Please write out the lines of the data exactly, beginning with the first and ending with the line containing "6. oktober-broen med"; leave the pictures behind.

▶

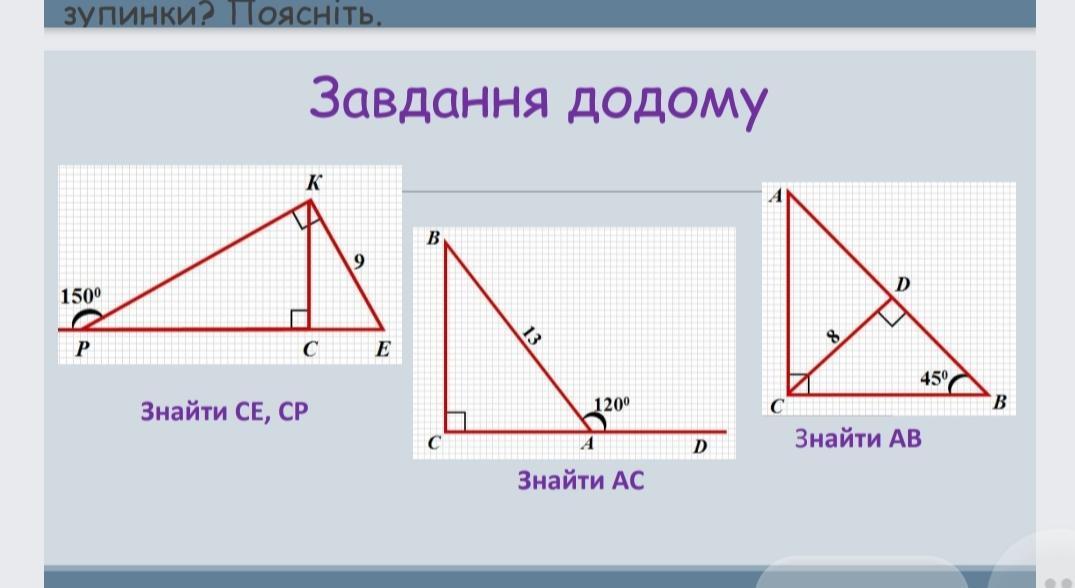 Так як катет СЕ лежить проти кута величина якого 30°, він дорівнює половині гіпотенузи:
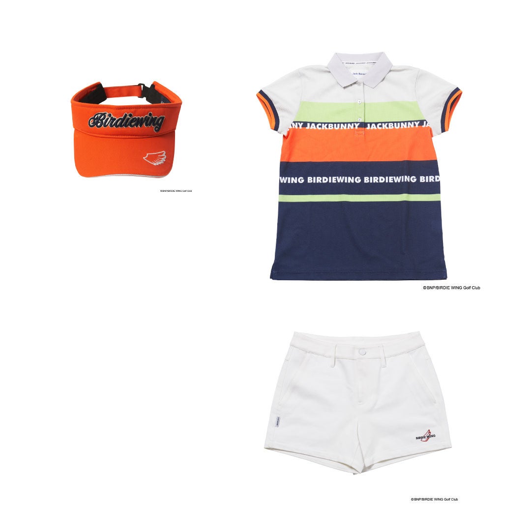 大胆なパネルボーダー柄で表現したポロシャツはフロントにタイポグラフィなJACK BUNNY×BIRDIE WINGのコラボロゴを配し、発色の良いスポーティなデザイン。
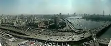 6. oktober-broen med påkørselsramper, Nilen, Kairo og Det Egyptiske Museum.
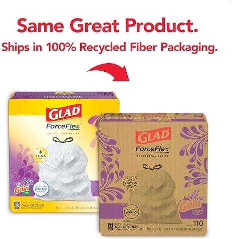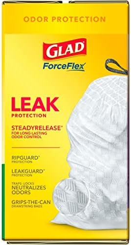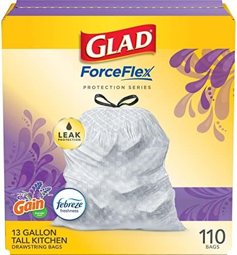 Fight nasty kitchen odors with the exclusive Glad trash bag combination of steady release Febreze freshness and irresistible Lavender scent only offered by Gain. Glad Tall Kitchen Drawstring Trash Bags are designed with ForceFlex technology to give extra flex as it expands around sharp edges and heavy loads, so you can pack it in while resisting tears, rips and punctures. These Glad trash bags leave behind a lasting Febreze freshness and a Gain Lavender scent. Let the stretchable strength of Glad ForceFlex handle all the messes our busy daily life can throw at it and then some. These trash bags are designed with RipGuard and LeakGuard technology to prevent seepage of liquids and keep trash contained. The durable Grips-The-Can Drawstring ensures a tight grip on the trash can to keep it in place. Take the trash to the curb with no fear of leaks and tears, and no frustration. Glad 13gal bags are comparable to Simplehuman E, F, G, H, J, K, M, N, P, or Q trash bags**.**Simplehuman is a trademark of Simplehuman, LLC. Glad is not sponsored by or affiliated with Simplehuman.
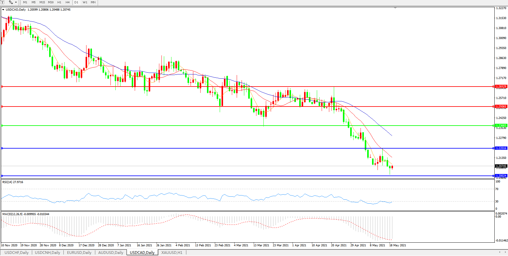 美元兑加元USDCAD 日线图:
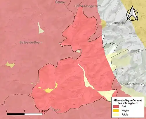 Le retrait-gonflement des sols argileux est susceptible d'engendrer des dommages importants aux bâtiments en cas d’alternance de périodes de sécheresse et de pluie[29]. 92,3 % de la superficie communale est en aléa moyen ou fort (59 % au niveau départemental et 48,5 % au niveau national)[Carte 4]. Depuis le , en application de la loi ELAN, différentes contraintes s'imposent aux vendeurs, maîtres d'ouvrages ou constructeurs de biens situés dans une zone classée en aléa moyen ou fort[Note 6],[30].
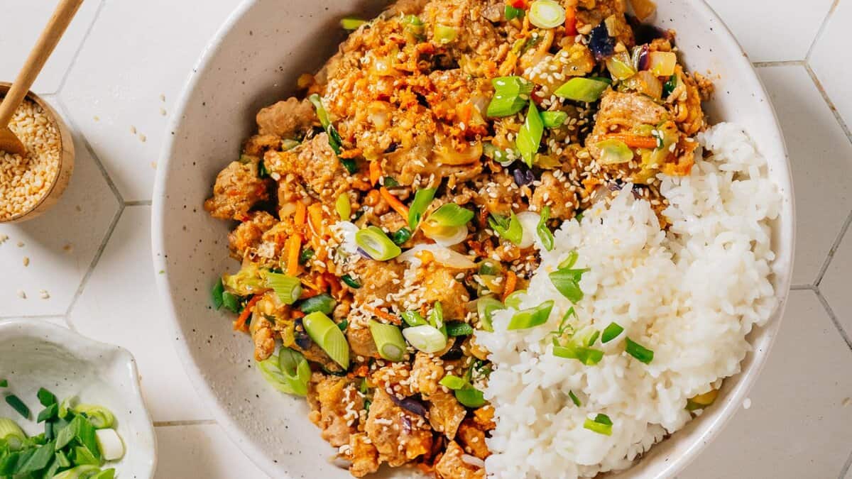 Ground beef cooks in about 10 minutes with gochujang and simple spices, then gets spooned over rice with vegetables. Make the beef and rice at the same time and divide into containers. It’s fast, bold, and built for weeknight meal prep.
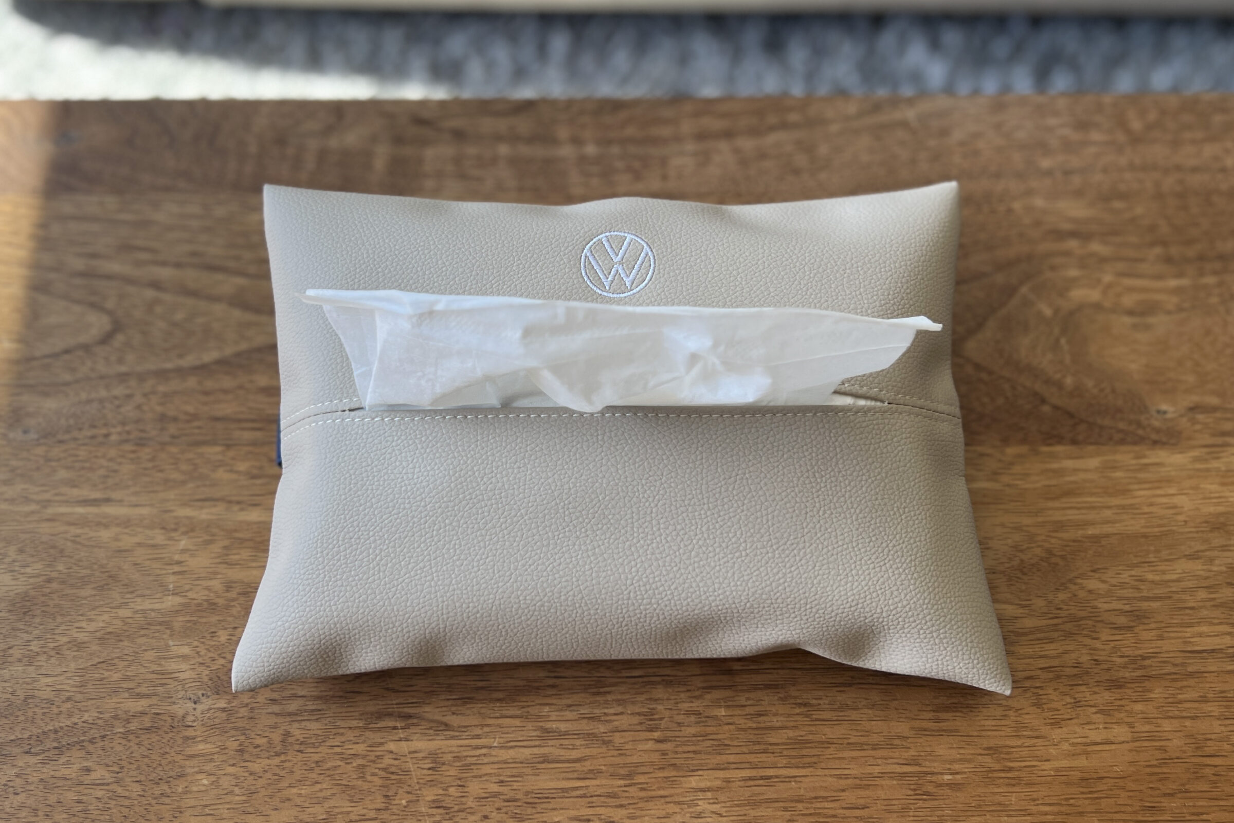 VWロゴを刺繍で施し、やわらかな質感と上品な佇まいが魅力で、車内はもちろんリビングやオフィスにも自然になじみ、毎日使いたくなる特別感を演出します✨
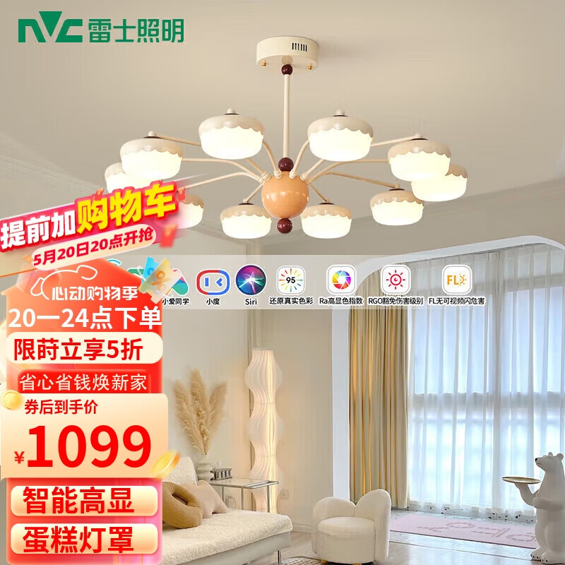 雷士(NVC)奶油法式浪漫蛋糕灯罩客厅灯智能舒适光10头吊灯WHDD110F/G-03价格:2598.00元!

◀

▶ [EXERCISE SOLUTION]
 Так як катет СЕ лежить проти кута величина якого 30°, він дорівнює половині гіпотенузи:
 大胆なパネルボーダー柄で表現したポロシャツはフロントにタイポグラフィなJACK BUNNY×BIRDIE WINGのコラボロゴを配し、発色の良いスポーティなデザイン。
 6. oktober-broen med påkørselsramper, Nilen, Kairo og Det Egyptiske Museum.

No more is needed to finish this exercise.